Her zaman bir coşkun sel gibi kükreyerek istikbale akan ve yerinde göz kamaştıran bir bahçeye de benzetebileceğimiz, her yanından canlılık fışkıran bu dünya, insanın mütalâasına sunulmuş bir kitap, temâşâsına arz edilmiş bir meşher ve nihayet müdahale etme hakkıyla bizlere tevdi edilmiş bir emanettir. Böyle bir emanet karşısında insanın vazifesi ise, mütalâasına sunulan bu kitabı okuyup perde önünü ve perde arkasını kavrayıp yorumlamak; bu sırlı meşheri tetkik edip ihtiva ettiği mânâları değerlendirmek ve bu emaneti bugünkü-yarınki insanların yararlanabileceği şekilde işletmek iradesidir. Siz isterseniz, varlık ve insan arasındaki bu münasebete “ilim” de diyebilirsiniz..

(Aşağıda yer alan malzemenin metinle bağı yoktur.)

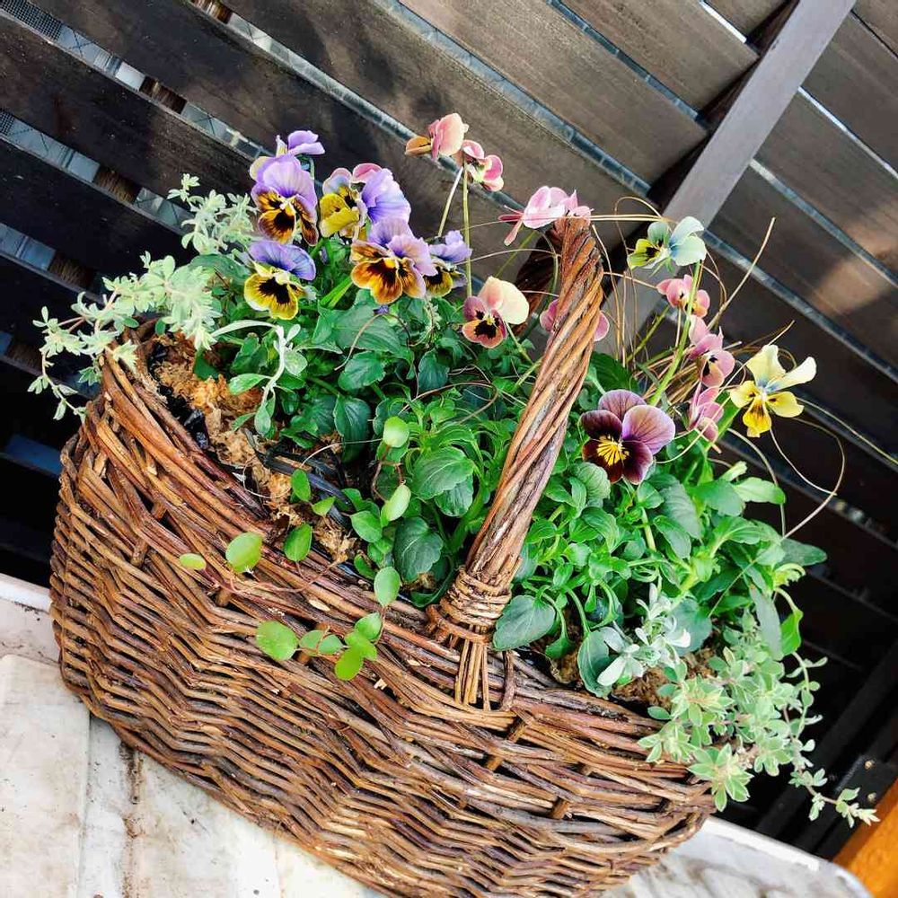 花買った時にオザキ2階で合いそうなカゴも買ってそれに植えつけ。

İlim, tek başına herhangi bir milletin malı değildir. Hele Batılıların asla.! İlmin çocukluk dönemi ile insanlığın çocukluk dönemi aynı zamana rastlar.. ve o, aynı düşünce yamaçlarının, aynı gayret vadilerinin ürünüdür. Batı, bilhassa tecrübî ilimleri yeni bir değerlendirmeye tâbi tutacak olgunluğa ulaştığında, o güne kadar diğer milletlerin düşünce salıncaklarında, hususiyle de Asya kavimlerinin beşiklerinde hem de ne nazla sallana sallana belli bir kıvama gelmiş bulunan bilim, yeni Batı medeniyetinin ilk hamlesi, belki de ilk rampası sayılan Rönesansla, yarınların ilim düşüncesine de açık hâlihazırdaki şeklini almıştı.

Batı onu, eski kaynaklarından “özümleyip” alırken, ilim ahlâkıyla alâkalı hususları da ihmal etmemişti. Gerçi o, ilmin neşet ettiği yerleri ve geçiş yollarını belli ölçüde çarpıttı; ama onun menşeindeki ahlâkîliği, aşk u şevki, azim ve kararlılığı ilmin orijini gibi hep göz önünde bulundurdu. Zaten bilim de bir müze malı, bir şöhret plaketi ve başkalarının temâşâsına sunulan bir meşher metaı olarak da alınamazdı. O, içinde geliştiği toplumun damarlarına kan gibi yayılacak ve ona değişen her günün havasını fısıldayacak bir hayat cevheri gibi alınmalıydı.. ve bir ölçüde öyle de alındı. Aksine o, sadece yazılı metinler olarak aktarılacaktı ki, bence kitaplarla, disketlerle aktarılan bilgiye hakiki bilgi demek mümkün değildir.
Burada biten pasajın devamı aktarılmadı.